The validated, keyword-argument face of the generic-op preparation primitive. Suite convention: validated kwargs live in Ruby; the C bridge (_op_prepare) is underscore-private so the checks can't be skipped.

Instance Method Summary

• #_op_prepare(vhandle, vtag, vcap) ⇒ Object

  Private primitive behind Winloop::Backend#op_prepare (lib/winloop/ops.rb owns the kwargs + range validation).

• #associate(vhandle) ⇒ Object

  Associate handle (opened FILE_FLAG_OVERLAPPED) with the backend's IOCP under EXT_KEY.

• #cancel(vid) ⇒ Object

  Cancel a pending poll.

• #initialize ⇒ Object constructor
• #op_abandon(vid) ⇒ Object

  For a native call that failed SYNCHRONOUSLY (GetLastError != ERROR_IO_PENDING): the kernel never saw the op, no packet will ever arrive — free immediately.

• #op_cancel(vid) ⇒ Object

  CancelIoEx(handle, ov) — targeted, cross-thread-safe.

• #op_free(vid) ⇒ Object

  Retire a COMPLETED op without materializing its data (orphaned completions).

• #op_prepare(handle, tag: 0, capacity: 0) ⇒ Object

  Allocate one backend-owned op record (state :prepared): a zeroed OVERLAPPED, a tag echoed back in the completion tuple, and an optional embedded data buffer.

• #op_result(vid) ⇒ Object

  [bytes, error, data] for a COMPLETED op; frees the record.

• #op_state(vid) ⇒ Object
• #op_submitted(vid) ⇒ Object

  Call after the client's native call returned success OR ERROR_IO_PENDING — both queue exactly one completion packet (no skip-on-success, ever).

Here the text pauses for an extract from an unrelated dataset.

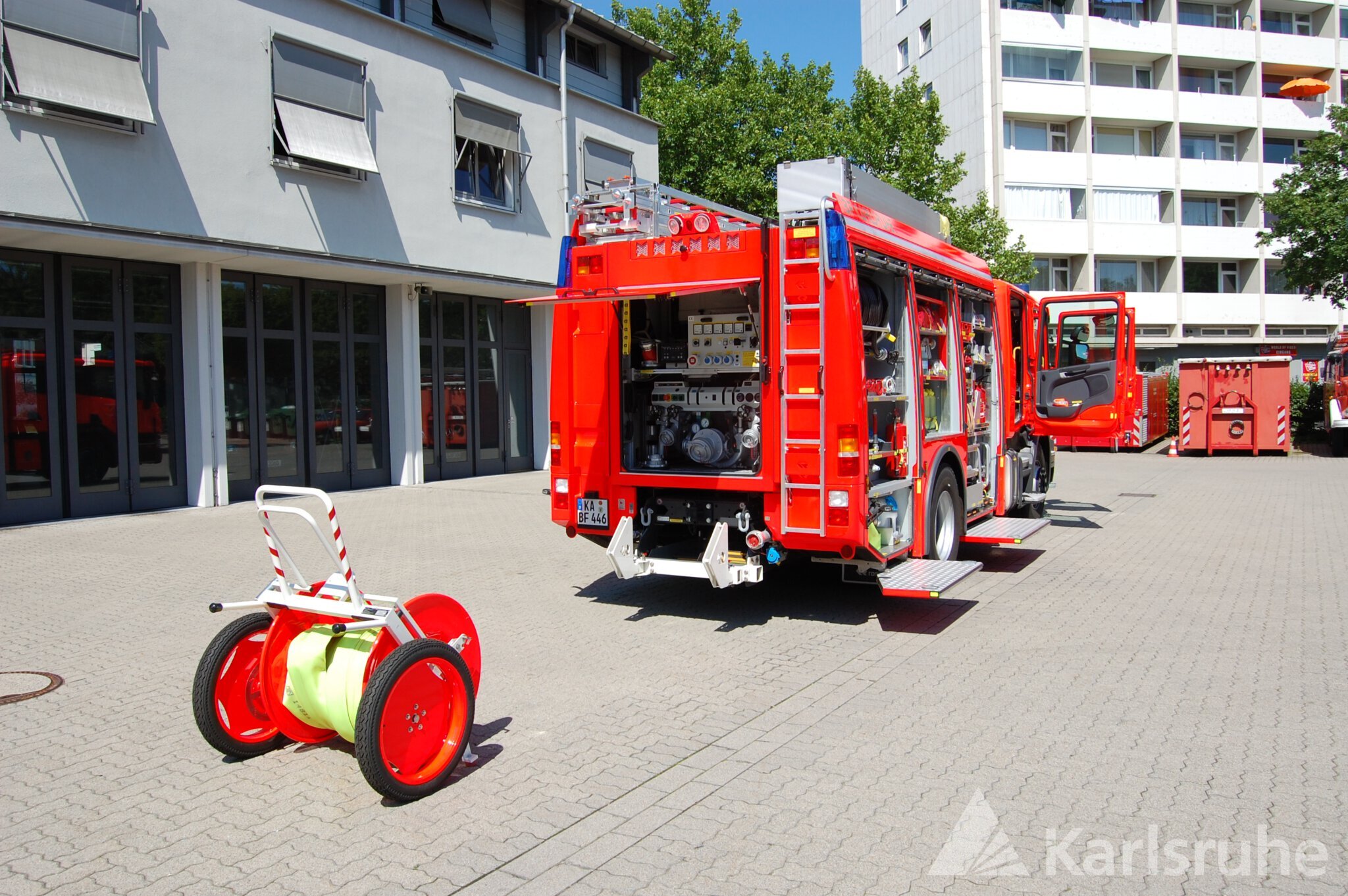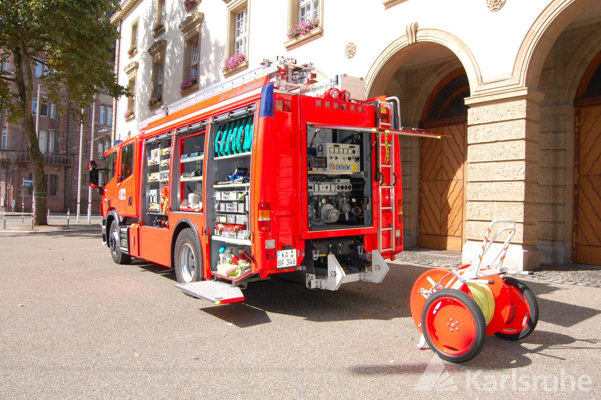 Der Fuhrpark der Berufsfeuerwehr Karlsruhe umfasst zwei Löschzüge, Reser­ve­fahr­zeuge, Sonder­fahr­zeuge, Fahrzeuge des Innen­dienst und des Katastro­phen­schutzes.

• #poll(io, vevents) ⇒ Object

  Arm a one-shot readiness poll on io for events; returns the request id.

• #port_handle ⇒ Object

  The raw IOCP HANDLE value — read-only, for tests and diagnostics.

• #shutdown ⇒ Object
• #wait(vtimeout_ms) ⇒ Object
• #wakeup ⇒ Object

Constructor Details

#initialize ⇒ Object

# File 'ext/winloop/winloop.c', line 307

static VALUE backend_initialize(VALUE self) {
    winloop_backend *b;
    TypedData_Get_Struct(self, winloop_backend, &backend_type, b);
    if (!resolve_ntdll()) rb_raise(eError, "winloop: could not resolve ntdll entry points");
    b->iocp = CreateIoCompletionPort(INVALID_HANDLE_VALUE, NULL, 0, 0);
    if (!b->iocp) rb_raise(eError, "winloop: CreateIoCompletionPort failed (%lu)", GetLastError());
    b->afd = afd_open();
    if (b->afd == INVALID_HANDLE_VALUE) {
        CloseHandle(b->iocp); b->iocp = NULL;
        rb_raise(eError, "winloop: could not open \\Device\\Afd (unsupported platform?)");
    }
    if (!CreateIoCompletionPort(b->afd, b->iocp, AFD_KEY, 0)) {
        CloseHandle(b->afd); CloseHandle(b->iocp); b->afd = INVALID_HANDLE_VALUE; b->iocp = NULL;
        rb_raise(eError, "winloop: could not associate AFD handle (%lu)", GetLastError());
    }
    b->next_id = 0;
    b->reqs = st_init_numtable();
    /* st_data_t is pointer-sized; numtables hold ids/addresses/handles arm64-clean. */
    b->ops_by_id     = st_init_numtable();
    b->ops_by_addr   = st_init_numtable();
    b->assoc_handles = st_init_numtable();
    b->op_bytes = 0;
    b->closed = 0;
    return self;
}

Instance Method Details

#_op_prepare(vhandle, vtag, vcap) ⇒ Object

Private primitive behind Winloop::Backend#op_prepare (lib/winloop/ops.rb owns the kwargs + range validation). Allocates one op record: zeroed OVERLAPPED + tag + optional embedded buffer; returns [op_id, ov_addr, buf_addr].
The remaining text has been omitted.